The swift and overwhelming nature of the initial warfighting phase of Operation Iraqi Freedom has prompted some defence experts to proclaim the arrival of a new way of war designed around Effects-based Operations (EBO). In essence, such operations seek to move away from an attrition and linear approach to warfare. In an effects-based philosophy, campaign planning seeks to identify the outcomes that are required from fighting and then to derive the means required to achieve such outcomes. This article examines the dimensions of EBO by analysing the origin and evolution of an effects-based approach to warfare and some of the challenges involved in implementing them.

The Origins and Development of Effects-Based Operations

Implicit in EBO theory is the focus on shaping the behaviour of an adversary to such an extent that an enemy will eventually prefer surrender over fighting. Such an approach is, of course, not new. An effects-based approach to warfare resonates with the ideas of the classical military theorists Sun Tzu and Carl von Clausewitz, both of whom discussed the importance of psychological aspects in war in their respective works. 1 Several 20th-century thinkers, notably B. H. Liddell Hart and Giulio Douhet, also emphasised the need to influence the behaviour of an adversary by using either an indirect strategy or by striking deep with air power in order to paralyse an opponent. 2

EBO can be used at each level of war: tactical, operational and strategic. At the tactical level of war, EBO can act as a planning methodology for the conduct of operations. A tactical planning methodology emphasises the use of both military and nonmilitary means to attack an adversary. EBO can also be considered as a means to conduct efficient tactical targeting by seeking to exploit the weak points of a particular enemy and viewing the adversary’s capabilities in terms of a ‘complex adaptive system’. Such a view of EBO focuses on the destruction of critical nodes in the enemy’s infrastructure and command-and-control system in order to achieve a desired effect. Tactical-level EBO also envisage the conduct of parallel operations by employing simultaneous rather than sequential attack. 3 Effects-based targeting was used extensively by Coalition forces in Operation Iraqi Freedom in 2003 to try to avoid collateral damage, limit civilian casualties and achieve operational objectives with the use of discriminate force.

At the operational level of war, EBO has come to be synonymous with rapid dominance, or the ‘shock and awe’ school of warfare.

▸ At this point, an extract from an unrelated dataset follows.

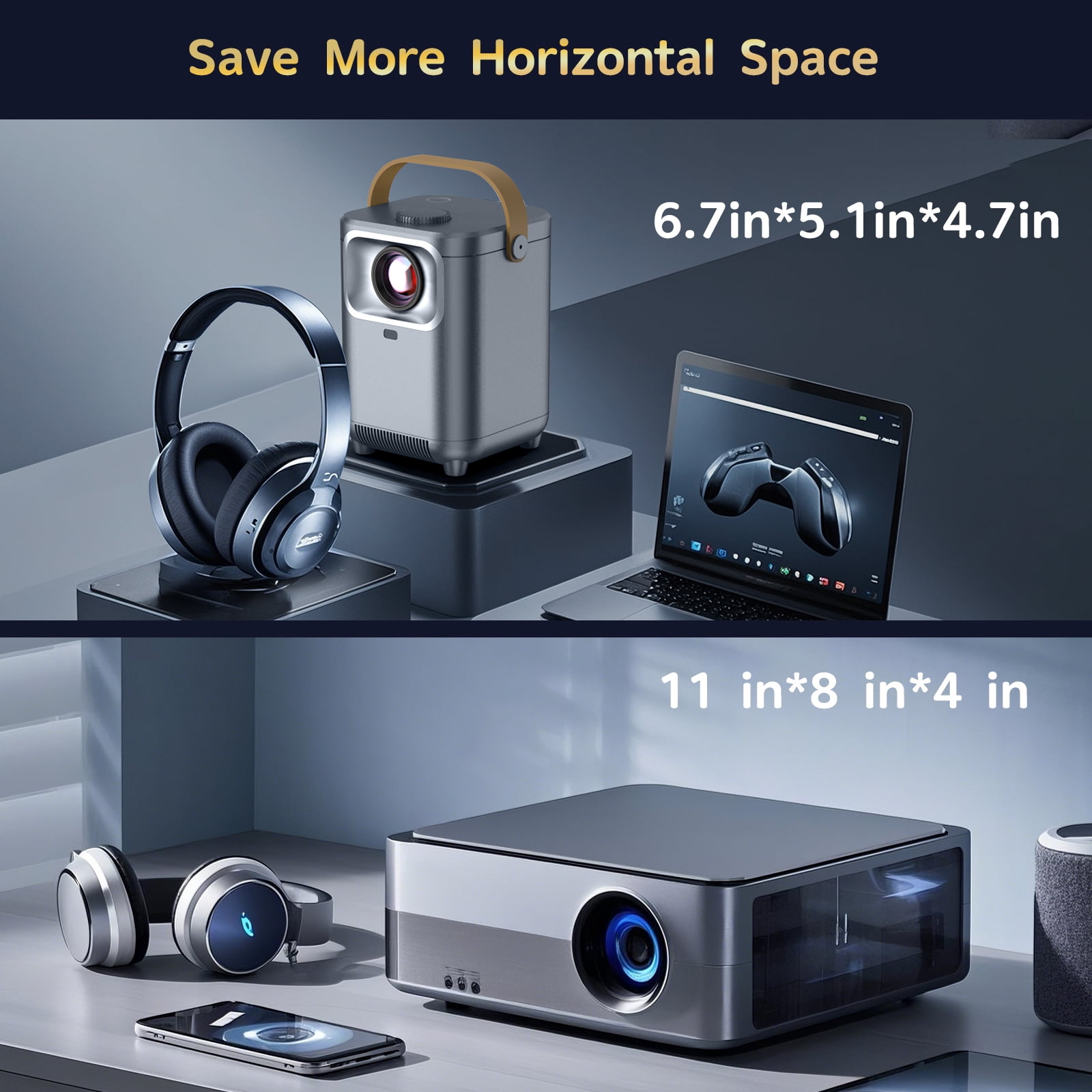[Electric Focus] Mini Projector with WiFi & Bluetooth , 210°Rotation & Portable Home Projector

The characteristics of rapid dominance have been described as knowledge of oneself, of one’s adversary and of the environment, combined with brilliance in execution, rapidity of action and control of the operating environment.4 Achieving rapid dominance often relies on the employment of a series of unrelenting strikes from sea, air, land and space forces in order to persuade an enemy to end military resistance.

For example, early in Operation Iraqi Freedom, cruise missile strikes and air bombardment of hundreds of targets proceeded in conjunction with the use of ground-based manoeuvre forces. The result was a rapid drive by Coalition forces towards Baghdad and the collapse of the Iraqi regime in three weeks. At the operational level of war, EBO also requires collaboration between a theatre commander and other key actors in a campaign in order to deal with an adversary that might be complex and adaptive. Interaction and networking between the operational commander and his tactical commanders in the field are required at both the planning and the execution phases of a campaign. 5 At the strategic level of war, EBO can be viewed as the application of all the resources of national power: political, economic, diplomatic and military. From a strategic perspective, EBO advocates believe that integration of all resources improves the effectiveness of a campaign.6

The Practice of Effects-Based Operations

Successful EBO require the application of advanced information technologies that can create precise effects in warfare. Detection technologies such as unmanned aerial vehicles (UAVs) and space-based platforms with attendant sensors have evolved to such an extent that achieving positive identification for fixed installations and static weapons emplacements has become a reality. A combination of sensing capabilities across the electromagnetic spectrum on platforms that operate at different altitudes permits the military to perform continuous surveillance and targeting.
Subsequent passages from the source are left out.